Previously, Jupiter described Jupiter Lend’s vaults as having “isolated risk,” even claiming that the vaults “completely eliminate the risk of contagion between asset pairs.” The post containing this statement was removed by the team when controversy arose.
“We once said that isolated risk vaults guarantee ‘zero risk of contagion.’ That’s not entirely accurate,” Dhanda said in a video sent to the community. “We deleted it to avoid widespread misunderstanding. We should have clarified it at that time.”

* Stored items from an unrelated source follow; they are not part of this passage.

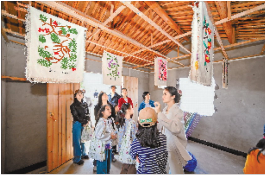
图为由鸡舍改造而来的“川里田野”小院里，正在举办艺术展。

而沿河一带的老宅与边角地日渐荒芜。前两年，村里引入资本，将其改造成12栋纯白色建筑的创客空间。但园区多数空间长期空置，最初因颜值吸引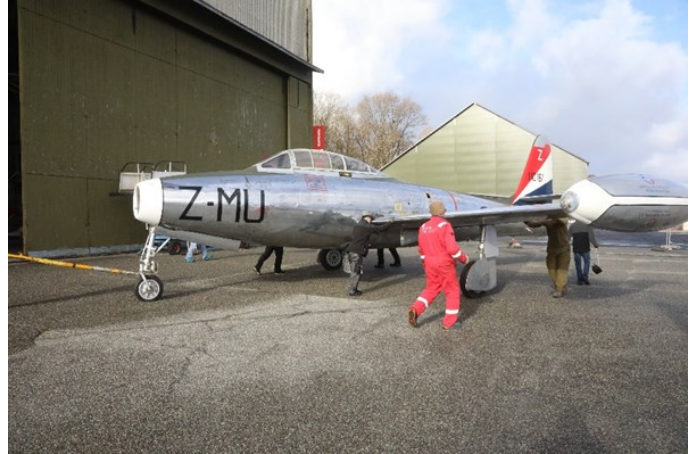
Den ble parkert midlertidig utenfor.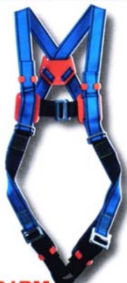
HT31BM Harnais usage standard • Conforme à la norme EN 361 • Accrochage dorsal « D forgé » • 4 points de réglage *Options : Taille XL, CE, RL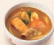
ミニカレーうどん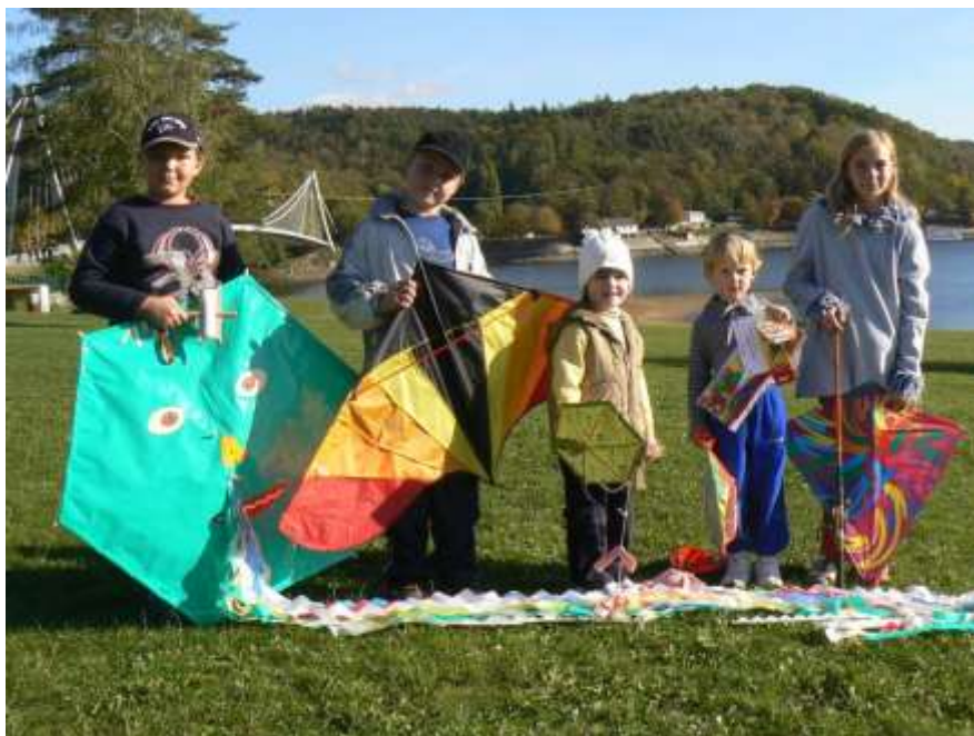
Nejúspěšnější účastníci 10. ročníku Vranovské drakiády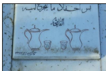
تصویر شماره ۲۰: نشانه به‌کار رفته بر سنگ‌مزار آرامستان شهدای زرگان.

آرامستان سیدخلف: آرامستان شهدای سیدخلف در شمال شهر اهواز و در محله سیدخلف قرار دارد. این آرامستان فقط به متوفیان ساکنان این محله تعلق دارد. ساکنین این محله نیز غالباً عرب‌زبانند و اشعار و متون عربی بر روی سنگ‌مزارها به چشم می‌خورد. تاریخ شکل‌گیری آن بر اساس مطالعات میدانی به سال ۱۳۴۰ش بازمی‌گردد و مرمتی در آن صورت نگرفته است. نام این آرامستان بر اساس نام محله‌ای که در آن واقع شده و با توجه به این‌که پیکر چند تن از شهدای دفاع مقدس در آنجا آرمیده، انتخاب شده است. جهت قبور در این مکان مطابق با آیین اسلامی است. از عناصر کالبدی این آرامستان می‌توان به وجود دیوار، حصار و درب ورودی و همچنین اتاقک‌های تدفینی خانوادگی با پلان‌های مربع و حجم‌های مکعب فاقد گنبد، یک بقعه دارای گنبد مختص به مقبره یکی از بزرگان این محل، سایبان‌های فلزی برای چند قبر و یادمان‌های مقابر شهدا اشاره کرد. این محل فاقد غسل‌خانه است. تراکم قبور در بخش‌های متأخر را می‌توان نیمه‌متراکم و در بخش اولیه پراکنده خواند. پوشش سطح بیشتر قبرها از سنگ مرمر است و به‌ندرت از سیمان یا موزاییک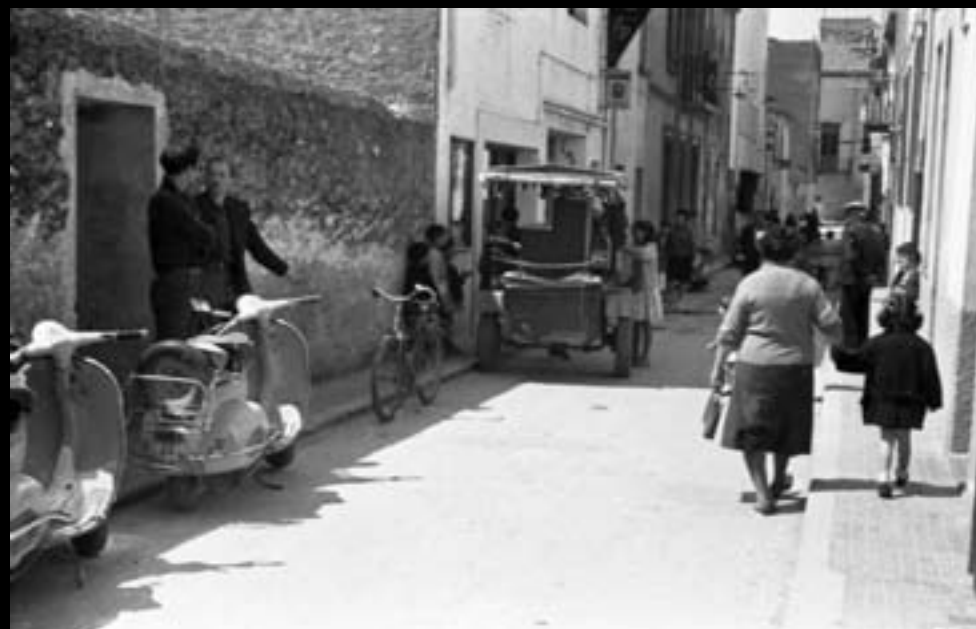
Carrer de la Tarongeta. 1964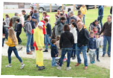
La chasse aux oeufs pour Pâques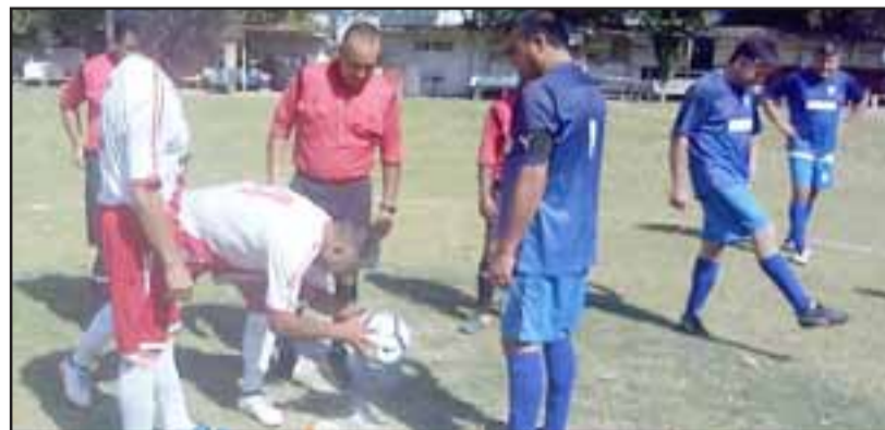
Jugadores y árbitros antes de iniciar un duelo en la cancha Parrasía.

Carlos Barrera 1 – Aconcagua 1; Barcelona 1 – Hernán Pérez Quijanes 0; Unión Esfuerzo 2 – Villa Argelia 0; Tsunami 2 – Santos 0; Villa Los Álamos 3 – Unión Esperanza 0; Los Amigos 4 – Pedro Aguirre Cerda 2; Andacollo 5 – Resto del Mundo 0.

Controversy Surrounding Collateral Rehypothecation
Samyak Jain, co-founder of Fluid—the infrastructure provider for Jupiter Lend—confirmed that the protocol uses rehypothecation, i.e., reusing collateral to optimize capital efficiency. This means assets deposited in one vault may not be completely separated from assets in another vault. However, Jain said each vault still has its own configuration, such as asset limits, liquidation thresholds, and liquidation penalties.
Marius Ciubotariu, co-founder of the Kamino lending protocol, criticized Jupiter Lend on X after Kamino blocked a competitor’s refinance tool. According to him, rehypothecation means the vaults cannot be considered “isolated.”
“If you deposit SOL and borrow USDC, your SOL could be lent out to loopers like JupSOL or INF… You bear all the risks from those loops,” he wrote. “This is not risk isolation as advertised.”
Dhanda rejected this definition, arguing that “isolation” in Jupiter Lend refers to each vault having its own risk parameters, and sharing the liquidity layer is part of the yield generation model.
An industry expert commented: “Advertising isolated vaults while rehypothecating assets is hard to accept. It severely undermines trust.”
Rapid Growth and Head-to-Head with Kamino on Solana
Launched in August, Jupiter Lend attracted attention with its “dynamic limits” to reduce risk and LTV ratios up to 90%—much higher than the typical 75% seen in DeFi markets.
Dhanda said the market crash event on October 11, when over $20 billion in leveraged positions were liquidated, demonstrated that Jupiter Lend’s model performed stably. The protocol reported no bad debt.
Currently, Jupiter Lend’s total value locked (TVL) has surpassed $1 billion according to DefiLlama, making the protocol a direct competitor to Kamino—which holds over 60% of the lending market share on Solana.
Jupiter said it will release additional technical documents and explanatory videos after the Solana Breakpoint conference taking place from December 11 in Abu Dhabi.